Les uns y voient le modèle d'un système d'équilibre des pouvoirs : un parlement qui, sans
doute, peut tout faire, mais aussi un exécutif puissant et qui le tient en bride (avec une
surévaluation des forces morales, la Couronne, la Chambre haute).
Mais, il existe une autre analyse, celle que proposera Pierre Cot : Le régime anglais est le
véritable "régime d'assemblée". (...)Au fond, "le gouvernement britannique n'est qu'un
"comité de la majorité".
Ajoutons à cela la répudiation de la Troisième République, mais cette répudiation prendra une
forme curieuse. Ce ne sont pas les institutions de 1875 en général qui vont être considérées
comme dépassées. C'est essentiellement le Sénat.
(...)Finalement, c'est une constitution de type conventionnel qui est proposée au suffrage du
peuple français, le 5 mai 1946.
Le référendum donne des résultats, à première vue, inattendus. Il s'avère (...) qu'une majorité
de députés ne fait pas nécessairement une majorité de citoyens.
L'échec du référendum entraîne l'élection d'une seconde assemblée constituante dans laquelle
l'échiquier politique est quelque peu changé. C'est désormais le M.R.P.7 qui devient le
premier parti au sein de la nouvelle assemblée.
On aurait pu imaginer que, sa devancière ayant été condamnée pour des motifs relativement
clairs, à savoir l'effacement du Président de la République, le rôle insuffisant de la deuxième
assemblée, la mutation aventureuse des Droits de l'Homme, la nouvelle Constituante prenne le
contre-pied et élabore un projet vraiment nouveau.

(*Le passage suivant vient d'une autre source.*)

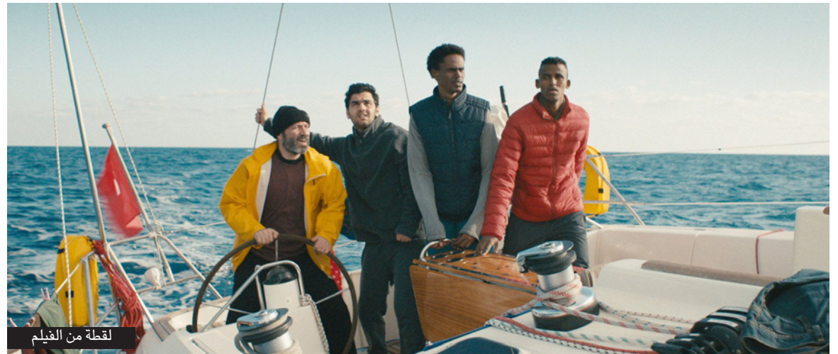
لقطة من الفيلم

الأسوط»، مشيراً إلى أنه ساعد المخرج في بعض تفاصيل السيناريو ببعض الملاحظات كونه يعرف حثيات القضية السورية بشكل أكثر من غيره بحكم انتمائه لسوريا. وأضاف خلال مقابلة إذاعية مع راديو «وروزنة» أنّ «كسرة الفيلم أتت بعد تردد المخرج على جزيرة لسبوس اليونانية حين كان يساعد اللاجئين هناك، فقرر إعادته وثنائقي، إلا أن المنتج فضل أن يكون العمل هو عبارة عن فيلم قصير فكتب المخرج القصة بنفسه».

Autant la première Constituante avait été lieu de grands débats d'idées, autant la seconde
Constituante fut essentiellement un lieu de marchandage électoral, où l'on vendit un
paragraphe contre la chance de reconquérir quelques centimètres du corps électoral dans le
sens du projet qui avait été écarté.
Finalement l'entreprise réussit sans gloire : 53 % de oui, 47 % de non, et un tiers d'abstention.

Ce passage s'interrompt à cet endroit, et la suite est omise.